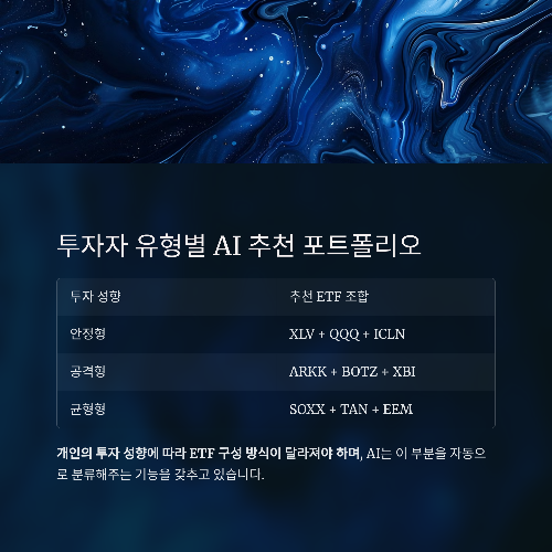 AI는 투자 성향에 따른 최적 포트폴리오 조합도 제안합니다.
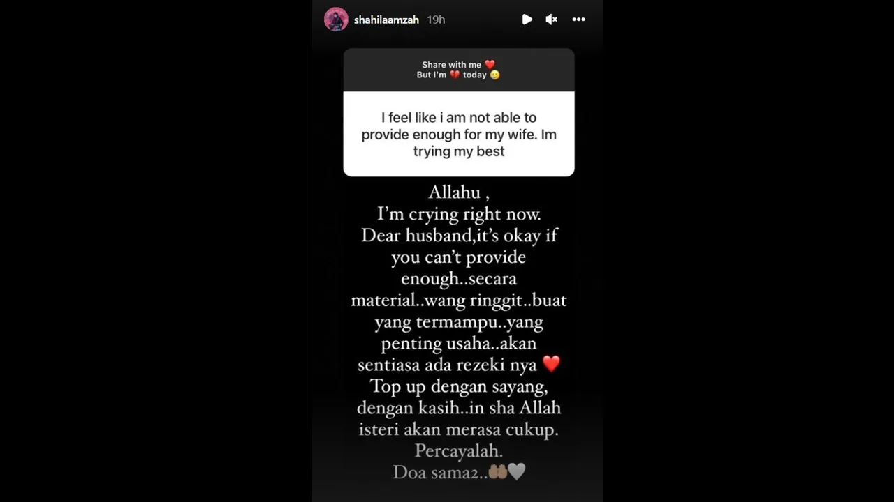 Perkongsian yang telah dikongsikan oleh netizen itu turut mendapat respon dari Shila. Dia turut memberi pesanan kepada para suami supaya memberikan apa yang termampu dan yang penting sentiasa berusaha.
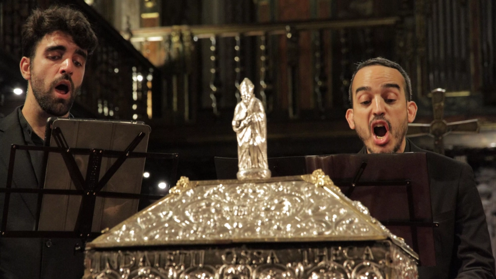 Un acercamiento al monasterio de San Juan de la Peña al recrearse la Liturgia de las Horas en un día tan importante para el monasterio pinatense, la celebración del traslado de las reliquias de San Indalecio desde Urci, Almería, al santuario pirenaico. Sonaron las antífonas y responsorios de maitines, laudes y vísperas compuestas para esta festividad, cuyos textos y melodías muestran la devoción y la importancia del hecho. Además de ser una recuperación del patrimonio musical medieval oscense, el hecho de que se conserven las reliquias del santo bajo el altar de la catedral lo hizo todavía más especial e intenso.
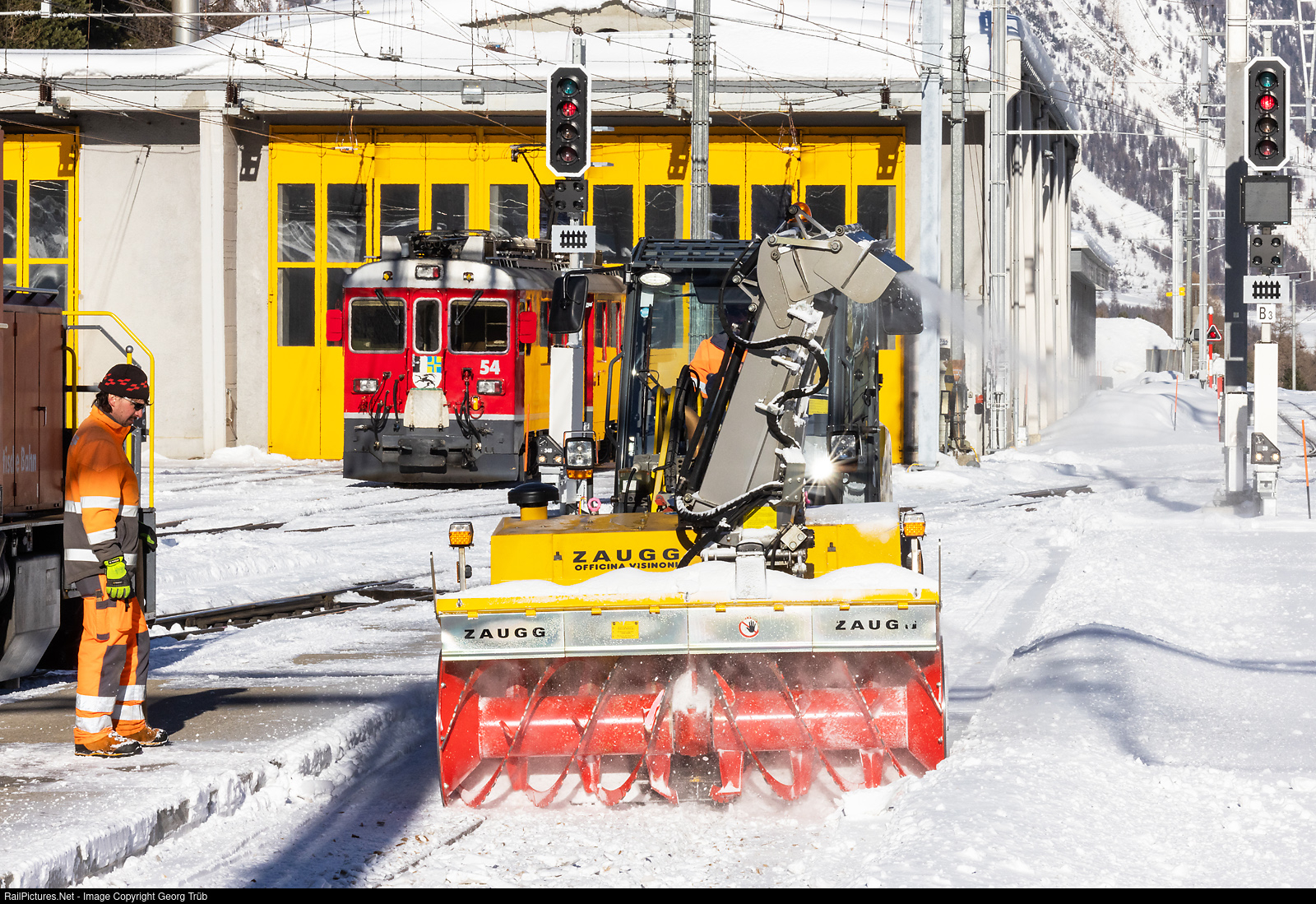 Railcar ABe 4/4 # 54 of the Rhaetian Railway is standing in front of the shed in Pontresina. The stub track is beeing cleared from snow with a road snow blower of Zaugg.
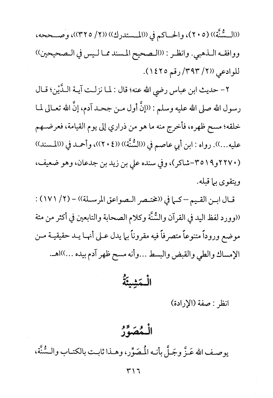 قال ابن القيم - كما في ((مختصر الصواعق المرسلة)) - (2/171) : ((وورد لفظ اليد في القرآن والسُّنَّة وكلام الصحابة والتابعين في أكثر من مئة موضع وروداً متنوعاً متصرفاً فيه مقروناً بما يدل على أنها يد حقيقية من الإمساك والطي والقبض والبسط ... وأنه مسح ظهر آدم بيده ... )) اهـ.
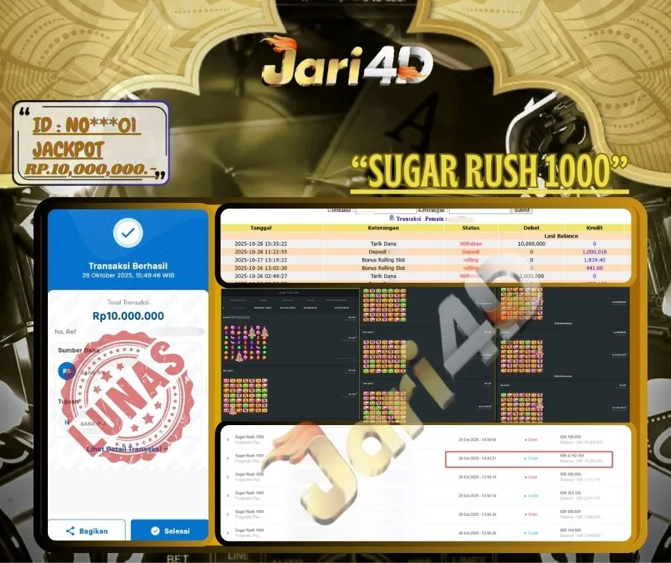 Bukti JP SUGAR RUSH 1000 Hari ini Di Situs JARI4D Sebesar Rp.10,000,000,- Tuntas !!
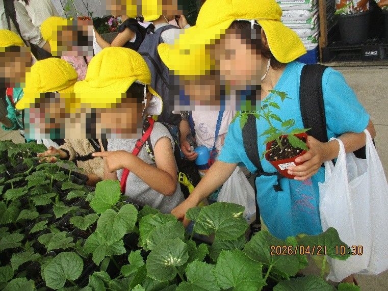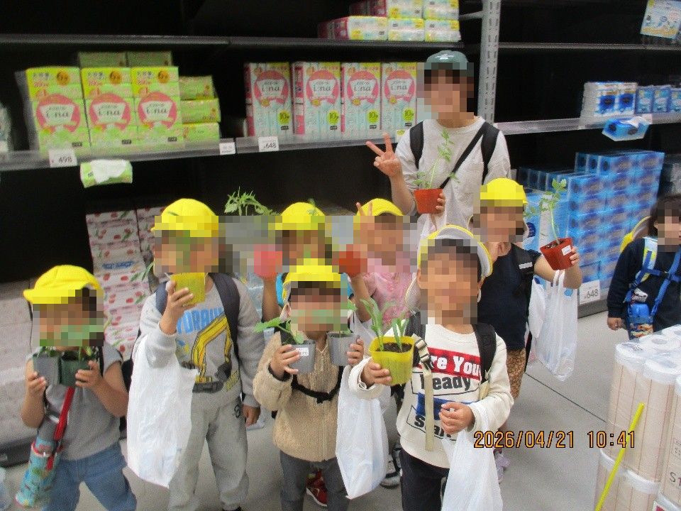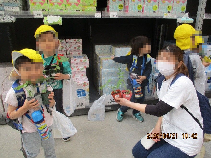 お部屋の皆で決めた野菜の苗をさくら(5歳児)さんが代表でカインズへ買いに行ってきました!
########
*ACTION ITEM*
Retype precisely, and only, the lines from the one holding "Un acercamiento al" through the final line of the data above, with the pictures omitted.

*EXERCISE RESULT*
 Un acercamiento al monasterio de San Juan de la Peña al recrearse la Liturgia de las Horas en un día tan importante para el monasterio pinatense, la celebración del traslado de las reliquias de San Indalecio desde Urci, Almería, al santuario pirenaico. Sonaron las antífonas y responsorios de maitines, laudes y vísperas compuestas para esta festividad, cuyos textos y melodías muestran la devoción y la importancia del hecho. Además de ser una recuperación del patrimonio musical medieval oscense, el hecho de que se conserven las reliquias del santo bajo el altar de la catedral lo hizo todavía más especial e intenso.
 Railcar ABe 4/4 # 54 of the Rhaetian Railway is standing in front of the shed in Pontresina. The stub track is beeing cleared from snow with a road snow blower of Zaugg.
 قال ابن القيم - كما في ((مختصر الصواعق المرسلة)) - (2/171) : ((وورد لفظ اليد في القرآن والسُّنَّة وكلام الصحابة والتابعين في أكثر من مئة موضع وروداً متنوعاً متصرفاً فيه مقروناً بما يدل على أنها يد حقيقية من الإمساك والطي والقبض والبسط ... وأنه مسح ظهر آدم بيده ... )) اهـ.
 Bukti JP SUGAR RUSH 1000 Hari ini Di Situs JARI4D Sebesar Rp.10,000,000,- Tuntas !!
 お部屋の皆で決めた野菜の苗をさくら(5歳児)さんが代表でカインズへ買いに行ってきました!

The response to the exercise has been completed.